Your task is to return the listing below word for word, without any of its images.

**Source data:**

────────────────────

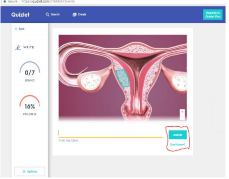
Figure 7. Write mode

This feature help improves their writing skills as the feature requires the students to write the vocabularies. The feature also offers "don't know" feature which provides the answer. Once the students click "don't know" button, the pop up will appear on the picture showing the correct answer (See Figure 7 and 8 below).
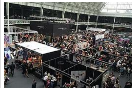
Trade Show Staff Training
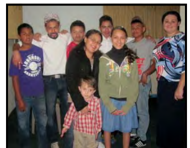
The youth who performed a Christmas drama at Tiloarque
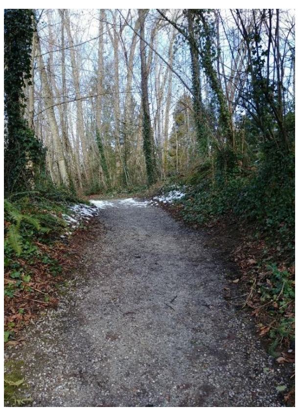
The path into Whatcom Falls Park, February 17, 2021.

1. Impermanence: "Guesting is by nature impermanent," writes Hughes. "Guests are not resident owners. They come to a place already occupied, already owned. They come to a specific place, a place that existed prior to their arrival and prior to their needs as guests" (Hughes 2019, E-24). Escaping the roar of traffic on Lakeway Drive, the main road intersecting with the south entrance to the park, I begin my ascent up the gravel path to Whatcom Falls Park. I begin to tune my ear to the sound of the wind in the trees and the crunch of gravel under my feet as I walk in a moderate but steady rhythm. I think about the rocks that have occupied the earth for billions of years. They precede me and will proceed after me. I am impermanent, a mere snapshot in their time.
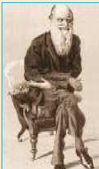
Darwin as a public figure caricature from the periodical Vanity Fair (September 30, 1871)

Darwin always referred to his Origin of Species as abstract. He wrote in its introduction: "This Abstract, which I now publish, most necessarily be imperfect. I cannot have given reference and authorities for my several statements, and I must trust to the reader reposing some confidence in my accuracy. No doubt errors will have crept in though I hope I have always been cautious in trusting to good authorities alone. I can have given only the general conclusions at which I have arrived, with a few facts in illustration, but which, I hope in most cases will suffice. No one can feel more sensible than I do of the necessity of hereafter publishing in detail all the facts, with references, on which my conclusions have been grounded; and I hope in a future work to do this. For I am well aware that scarcely a single point is discussed in this volume on which facts cannot be adduced, after apparently leading to conclusions directly opposite to those at which I have arrived. A fair result can be obtained only by fully stating and balancing the facts and arguments on both sides of each question; and this cannot possibly be here done."
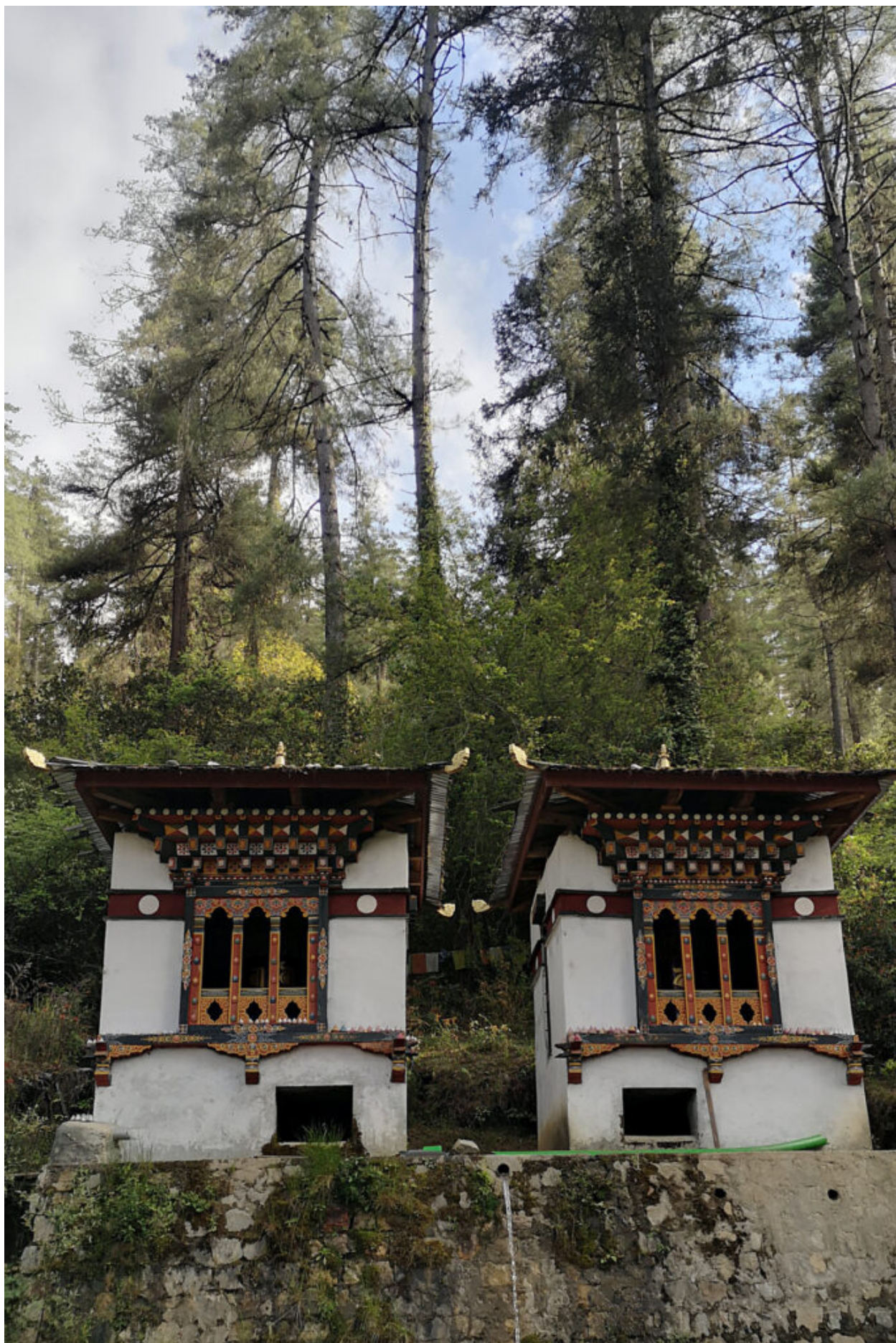
Chortens, Chele La.
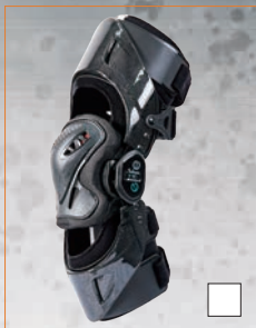
L/R E-KNK035A L/R X1 KNEE BRACE WITH CUP
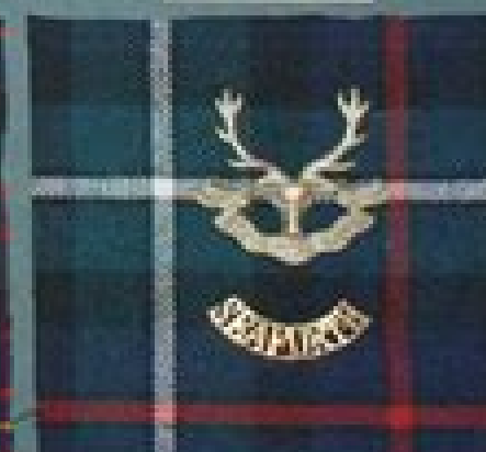
THE SEAFORTH HIGHLANDERS (53rd Regiment of Foot)
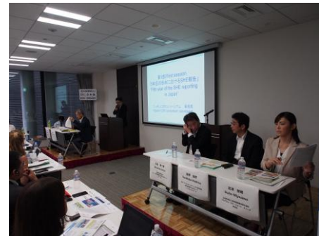
Stakeholder Engagement Programmes were introduced
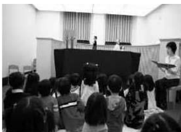
Spring event for children

Based mainly on the Basic Expansion Plan for the International Library of Children's Literature formulated in 2006, an outline expansion and repair plan for the ILCL was finalized in December 2007. Based on this outline, we conducted necessary examination and operations for the facility design in this fiscal year.
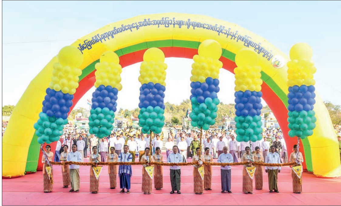
The Vice-Senior General and dignitaries unveil the exhibitions, traditional food booths and decorated floats at Tabaung Ground in Nay Pyi Taw yesterday.
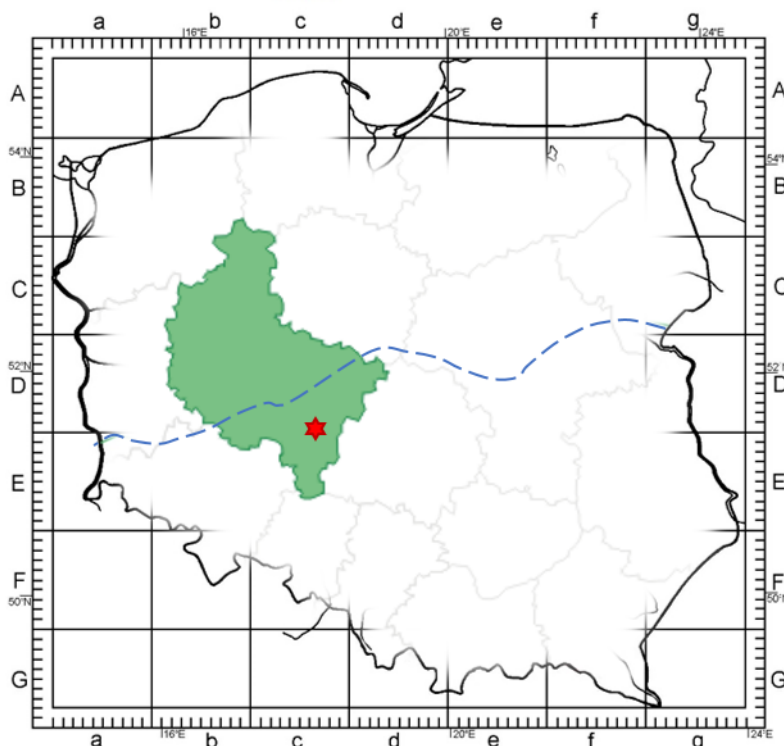
Fig. 1 Distribution of Hericium flagellum in Wielkopolska Voivodship (blue line – northern limit of the natural range of Abies alba in Poland [61]; green area – Wielkopolska Voivodship; red star – the “Olbina” nature reserve).

the description by Mirek et al. [36]. The nomenclature of plant communities was given according to Matuszkiewicz [32]. The collected specimens of H. flagellum were deposited in the Herbarium of the Department of Botany and Nature Conservation, University of Szczecin (SZUB). The occurrence of H. flagellum in Wielkopolska Voivodship is shown on the cartographic map (Fig. 1) according to the ATPOL grid square system as used by Wojewoda [37].
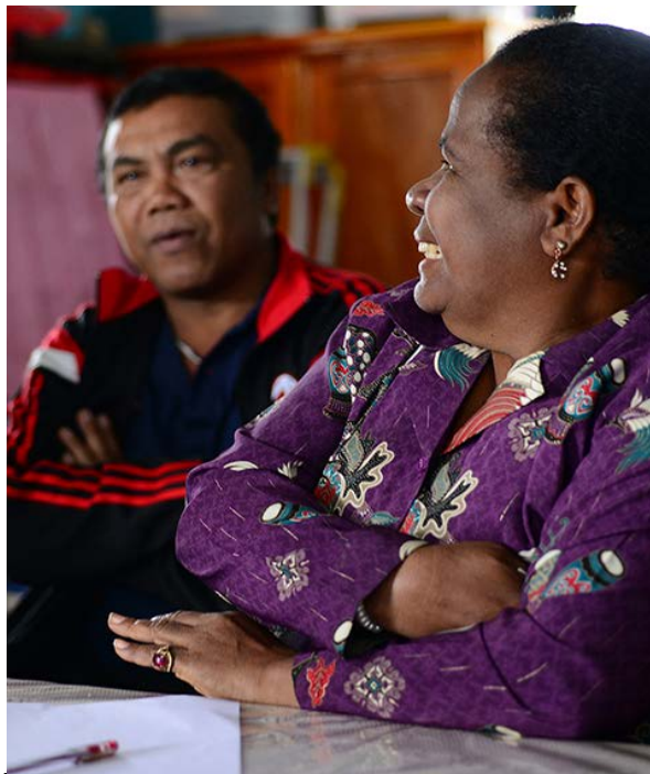
Teachers discuss positive discipline in their school.

Reproductive health information is included in Community Connections sessions. Youth are knowledgeable to some degree about reproductive health, possibly due to the project. For example, they know about menstruation. The project taught them about relationships with friends (boys and girls). With other girls, they have been taught not to gossip about their friends in order to avoid creating conflicts. The World Relief program staff tells them to be close to God and respect their parents. Regarding boys, the girls learn from these sessions to be careful, not to participate in night parties. Girls say that boys like to do bad things to them, and they don't like this. They have been taught that it is okay to date someone but not to have sex before marriage, and if necessary to use condoms. The boys been taught that it is acceptable to "play with girls but no sex", for risk of HIV and pregnancy. Female students said that some of their friends already have babies.
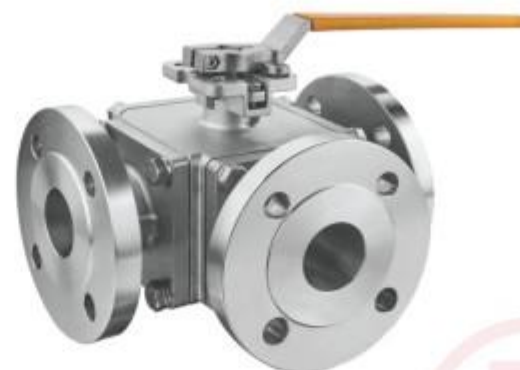
高平台三通法兰球阀 High platform three-way flange ball valve
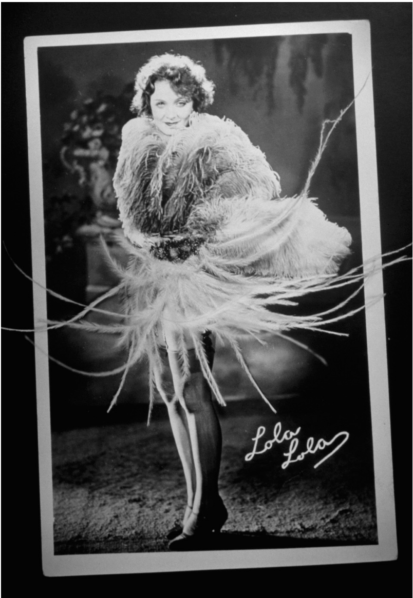
Figure 6. Marlene Dietrich as Lola Lola in “Der Blaue Engel,” postcard from Marlene Dietrich’s personal effects (1930). 0000289437-028 RM

could see how she was made [my italics].” 15 Such cards may themselves be linked to the tradition of photographic flick books, Mutoscopes and Kinoras, mechanized forms of which
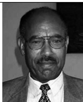
Hailu Shawel

The 76 defendants before the court include most of the central council and principal leadership of the CUD coalition party ( Kinjit in the Amharic language), mainly from its two leading parties – the All Ethiopia Unity Party (AEUP), which was formed from the previous All-Amhara People’s Organization (AAPO), and the recently-formed Rainbow Movement for Democracy and Social Justice in Ethiopia ( Kestedemena in Amharic).
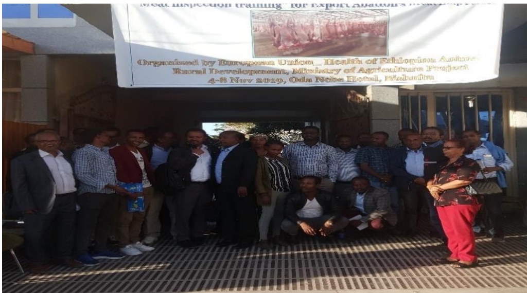
Figure 4: Training of Meat Inspectors: Addis Ababa University
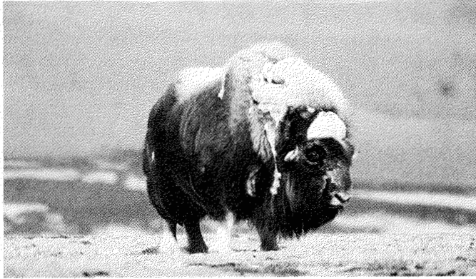
FIG. 1. Lone bulls, temporarily excluded from the herds by dominant bulls, are a common sight during the breeding season in August and September.
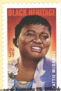
First Day of Issue - January 25, 2006 - Beverly Hills, CA 90210

From 1947 until 1952, McDaniel played the title role in The Beulah Show , broadcast on national radio. Demonstrating her popularity and power, McDaniel successfully negotiated the right to alter scripts of which she did not approve.
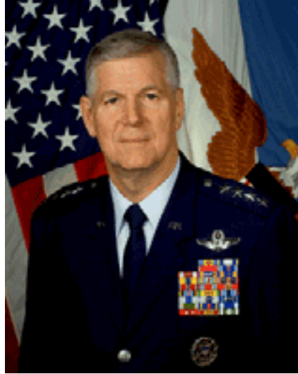
General Richard B. Myers Chairman, Joint Chiefs of Staff

T he dynamic and challenging nature of the current security environment makes cooperation within the international community more important than ever. We face a wide variety of threats to peace: from weapons of mass destruction, to terrorism, to natural disasters. Humanitarian assistance and foreign military training are valuable means of building constructive, long-term relationships across the globe: partnerships that encourage stability in regions faced with unique challenges. Offering nations the tools for self-sufficiency, self-protection, security, prosperity, and self-government are shared responsibilities.
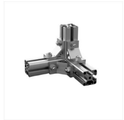
Corner joint cnc aluminium profile ...
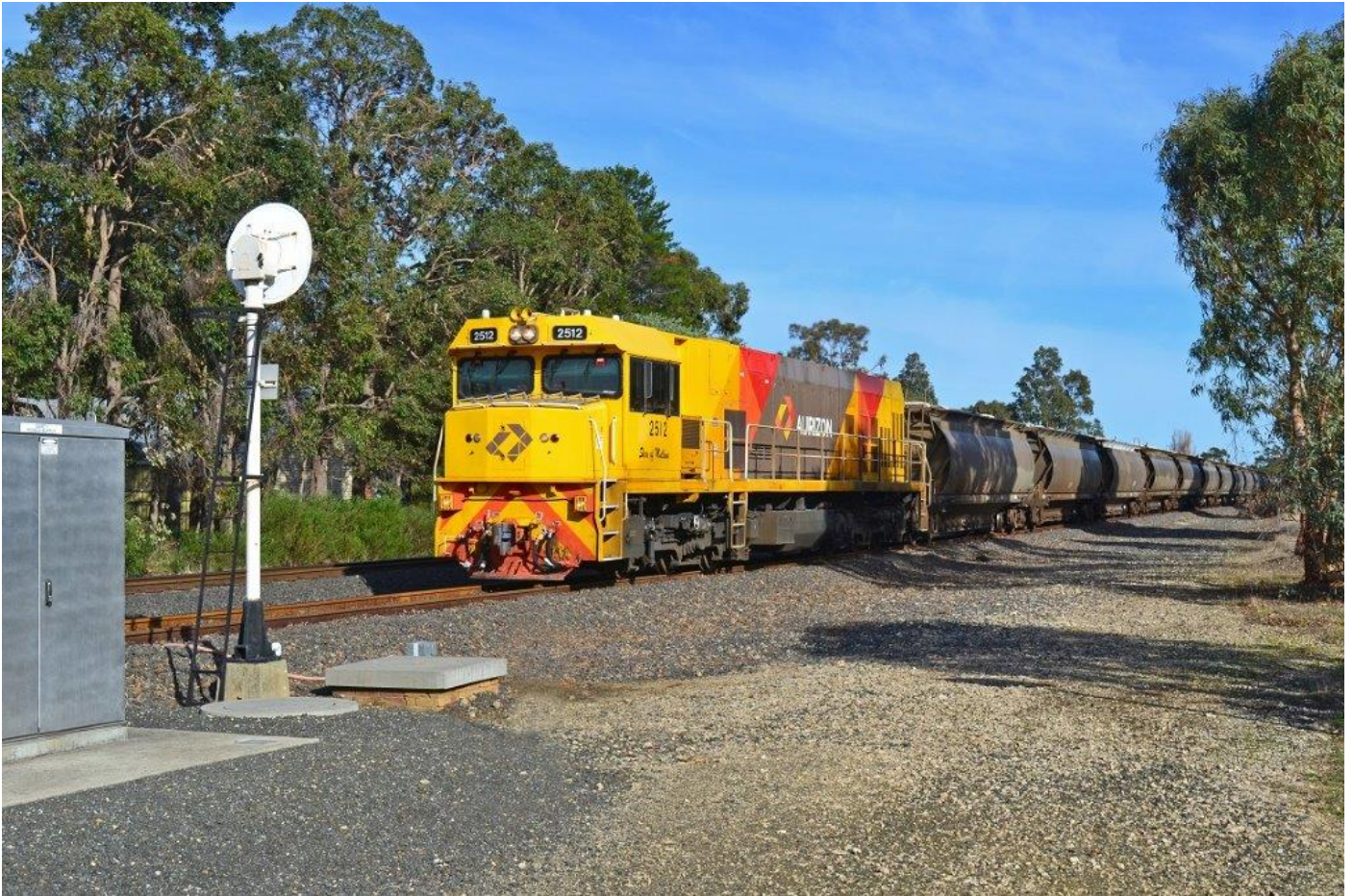
P-less 2512 departs Benger Loop with 6866 empty alumina to Yalup Brook, 5 th June.
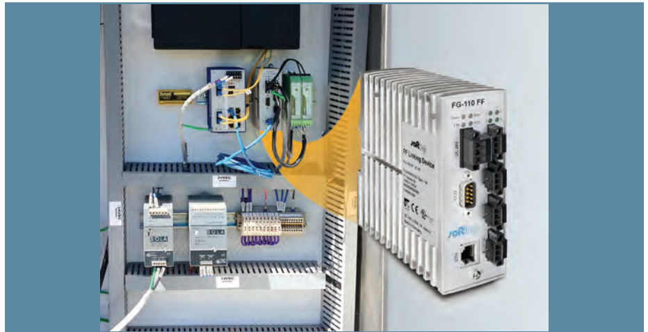
Figure 3: Remote cabinets located at the individual wells house the FG-110 FF gateway.

Issues identified during implementation and commissioning of the large-scale geothermal project have been successfully resolved. Up and running, the system proves how CiF advantages such as truly distributed control can offer a perfect solution for remote applications such as geothermal wells. As Tom McAuliffe, the POWER Engineers' responsible control system engineer sums up, "After researching the available options, Ram Power settled on the Softing FG-110 FF gateway product. POWER configured and installed the FG-110 FF products and commissioned them with the help of Softing's technical support. Softing's technical people were very responsive and helpful. POWER made several recommendations to Softing as to how the product could be enhanced and these modifications have been incorporated in the next firmware version. There are four Softing modules installed in the San Jacinto geothermal wellfield that have been working reliably for the last year. If Ram Power, or POWER Engineers, were to implement another FF Control in the Field project, we would definitely use the Softing gateway product line again."

────────────────────

**Exercise response:**
Figure 7. Write mode

This feature help improves their writing skills as the feature requires the students to write the vocabularies. The feature also offers "don't know" feature which provides the answer. Once the students click "don't know" button, the pop up will appear on the picture showing the correct answer (See Figure 7 and 8 below).
Trade Show Staff Training
The youth who performed a Christmas drama at Tiloarque
The path into Whatcom Falls Park, February 17, 2021.

1. Impermanence: "Guesting is by nature impermanent," writes Hughes. "Guests are not resident owners. They come to a place already occupied, already owned. They come to a specific place, a place that existed prior to their arrival and prior to their needs as guests" (Hughes 2019, E-24). Escaping the roar of traffic on Lakeway Drive, the main road intersecting with the south entrance to the park, I begin my ascent up the gravel path to Whatcom Falls Park. I begin to tune my ear to the sound of the wind in the trees and the crunch of gravel under my feet as I walk in a moderate but steady rhythm. I think about the rocks that have occupied the earth for billions of years. They precede me and will proceed after me. I am impermanent, a mere snapshot in their time.
Darwin as a public figure caricature from the periodical Vanity Fair (September 30, 1871)

Darwin always referred to his Origin of Species as abstract. He wrote in its introduction: "This Abstract, which I now publish, most necessarily be imperfect. I cannot have given reference and authorities for my several statements, and I must trust to the reader reposing some confidence in my accuracy. No doubt errors will have crept in though I hope I have always been cautious in trusting to good authorities alone. I can have given only the general conclusions at which I have arrived, with a few facts in illustration, but which, I hope in most cases will suffice. No one can feel more sensible than I do of the necessity of hereafter publishing in detail all the facts, with references, on which my conclusions have been grounded; and I hope in a future work to do this. For I am well aware that scarcely a single point is discussed in this volume on which facts cannot be adduced, after apparently leading to conclusions directly opposite to those at which I have arrived. A fair result can be obtained only by fully stating and balancing the facts and arguments on both sides of each question; and this cannot possibly be here done."
Chortens, Chele La.
L/R E-KNK035A L/R X1 KNEE BRACE WITH CUP
THE SEAFORTH HIGHLANDERS (53rd Regiment of Foot)
Stakeholder Engagement Programmes were introduced
Spring event for children

Based mainly on the Basic Expansion Plan for the International Library of Children's Literature formulated in 2006, an outline expansion and repair plan for the ILCL was finalized in December 2007. Based on this outline, we conducted necessary examination and operations for the facility design in this fiscal year.
The Vice-Senior General and dignitaries unveil the exhibitions, traditional food booths and decorated floats at Tabaung Ground in Nay Pyi Taw yesterday.
Fig. 1 Distribution of Hericium flagellum in Wielkopolska Voivodship (blue line – northern limit of the natural range of Abies alba in Poland [61]; green area – Wielkopolska Voivodship; red star – the “Olbina” nature reserve).

the description by Mirek et al. [36]. The nomenclature of plant communities was given according to Matuszkiewicz [32]. The collected specimens of H. flagellum were deposited in the Herbarium of the Department of Botany and Nature Conservation, University of Szczecin (SZUB). The occurrence of H. flagellum in Wielkopolska Voivodship is shown on the cartographic map (Fig. 1) according to the ATPOL grid square system as used by Wojewoda [37].
Teachers discuss positive discipline in their school.

Reproductive health information is included in Community Connections sessions. Youth are knowledgeable to some degree about reproductive health, possibly due to the project. For example, they know about menstruation. The project taught them about relationships with friends (boys and girls). With other girls, they have been taught not to gossip about their friends in order to avoid creating conflicts. The World Relief program staff tells them to be close to God and respect their parents. Regarding boys, the girls learn from these sessions to be careful, not to participate in night parties. Girls say that boys like to do bad things to them, and they don't like this. They have been taught that it is okay to date someone but not to have sex before marriage, and if necessary to use condoms. The boys been taught that it is acceptable to "play with girls but no sex", for risk of HIV and pregnancy. Female students said that some of their friends already have babies.
高平台三通法兰球阀 High platform three-way flange ball valve
Figure 6. Marlene Dietrich as Lola Lola in “Der Blaue Engel,” postcard from Marlene Dietrich’s personal effects (1930). 0000289437-028 RM

could see how she was made [my italics].” 15 Such cards may themselves be linked to the tradition of photographic flick books, Mutoscopes and Kinoras, mechanized forms of which
Hailu Shawel

The 76 defendants before the court include most of the central council and principal leadership of the CUD coalition party ( Kinjit in the Amharic language), mainly from its two leading parties – the All Ethiopia Unity Party (AEUP), which was formed from the previous All-Amhara People’s Organization (AAPO), and the recently-formed Rainbow Movement for Democracy and Social Justice in Ethiopia ( Kestedemena in Amharic).
Figure 4: Training of Meat Inspectors: Addis Ababa University
FIG. 1. Lone bulls, temporarily excluded from the herds by dominant bulls, are a common sight during the breeding season in August and September.
First Day of Issue - January 25, 2006 - Beverly Hills, CA 90210

From 1947 until 1952, McDaniel played the title role in The Beulah Show , broadcast on national radio. Demonstrating her popularity and power, McDaniel successfully negotiated the right to alter scripts of which she did not approve.
General Richard B. Myers Chairman, Joint Chiefs of Staff

T he dynamic and challenging nature of the current security environment makes cooperation within the international community more important than ever. We face a wide variety of threats to peace: from weapons of mass destruction, to terrorism, to natural disasters. Humanitarian assistance and foreign military training are valuable means of building constructive, long-term relationships across the globe: partnerships that encourage stability in regions faced with unique challenges. Offering nations the tools for self-sufficiency, self-protection, security, prosperity, and self-government are shared responsibilities.
Corner joint cnc aluminium profile ...
P-less 2512 departs Benger Loop with 6866 empty alumina to Yalup Brook, 5 th June.
Figure 3: Remote cabinets located at the individual wells house the FG-110 FF gateway.

Issues identified during implementation and commissioning of the large-scale geothermal project have been successfully resolved. Up and running, the system proves how CiF advantages such as truly distributed control can offer a perfect solution for remote applications such as geothermal wells. As Tom McAuliffe, the POWER Engineers' responsible control system engineer sums up, "After researching the available options, Ram Power settled on the Softing FG-110 FF gateway product. POWER configured and installed the FG-110 FF products and commissioned them with the help of Softing's technical support. Softing's technical people were very responsive and helpful. POWER made several recommendations to Softing as to how the product could be enhanced and these modifications have been incorporated in the next firmware version. There are four Softing modules installed in the San Jacinto geothermal wellfield that have been working reliably for the last year. If Ram Power, or POWER Engineers, were to implement another FF Control in the Field project, we would definitely use the Softing gateway product line again."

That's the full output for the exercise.